Position Profile: Position Profile sets how the blend steps are situated along the path. There are preset profiles, or you can move the sliders to get the effect you want. The straight line distributes the steps evenly between the first and last objects.

Position Profile

Attribute Profile: This works similar to the Position Profile, but it affects how the colors are distributed along the path. Again there are preset profiles or you can adjust the sliders. The straight line distributes the colors evenly between the steps.

Attribute Profile

1:1 (One to One) node mapping only affects the blend when both objects have the same number of points, like the rectangles below. When this is not checked, Xara will add or subtract points to make the blend; if it is checked, it does not add or subtract any points.

1:1

With 1:1 unchecked the two rectangles blend like this:

unchecked

With 1:1 checked, the two rectangles blend like this:

checked

Anti-Aliasing: With this turned on, every step in the blend is anti-aliased. When it is off, only the first and last step is anti-aliased. If you find a complex blend with many steps takes a long time to redraw, you might want to consider turning this off.

Blends don’t have to be straight! They can follow along a curve too. Draw a path with any of the path tools and select both the path and the blend. Click the Blend along a curve button and the blend follows the path. You can use the Position and Attribute Profiles to distribute the steps or colors along the curve.

By default the curve of the blend is oriented to the path; that means each step is aligned to the path at a 90° angle. If you click the Rotate button, the hearts will rotate to follow the curve.

rotate

Right clicking on a blend opens a popup menu with commands relating to blends.
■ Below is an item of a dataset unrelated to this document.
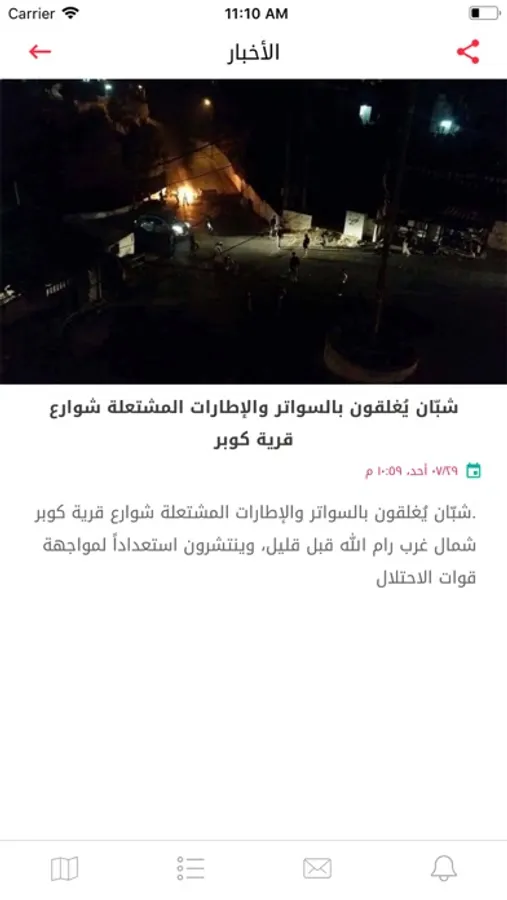 ·ارسال اشعارات عن ورود اخبار عن الحواجز

One of these is “Convert Blend to Editable Shapes”. Choosing this makes each step in the blend a separate object, with points and nodes like any shape you created. After converting the blend to editible shapes, you will need to go to Arrange > Ungroup to edit them separately, changing shape, size, fill or outline attributes, as well as adding bevels, contours, or drop shadows.
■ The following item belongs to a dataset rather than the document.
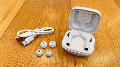 Firstly, in my view, neither of these designs are going to win any fashion awards. Both the Freedom and the Rise are a hybrid of the open-fit form-factor but still with silicone ear tips (three sizes included) for a secure fit. Both models have microphone stems pointing down although the stems are short and stubby on the Rise buds. To be honest, they're a bit clunky-looking on the Freedom too, but to look at, the Rise in particular seem to really stick out in all directions. There's nothing particularly smooth or streamlined about either model and they're only available in black or white.

One last trick with blends before we close this week. You can edit the curve and change the flow of the blend. To do so, choose the Shape Editor Tool from the tool box, and you will be able to adjust the curve.

That wraps up Blend Basics for this week. There are many more options and more complex tricks that can be done with blends, such as adding highlights, and they can even be used to shade objects! Fire up Xara Xtreme and explore the Blend Tool. There are unlimited possibilities!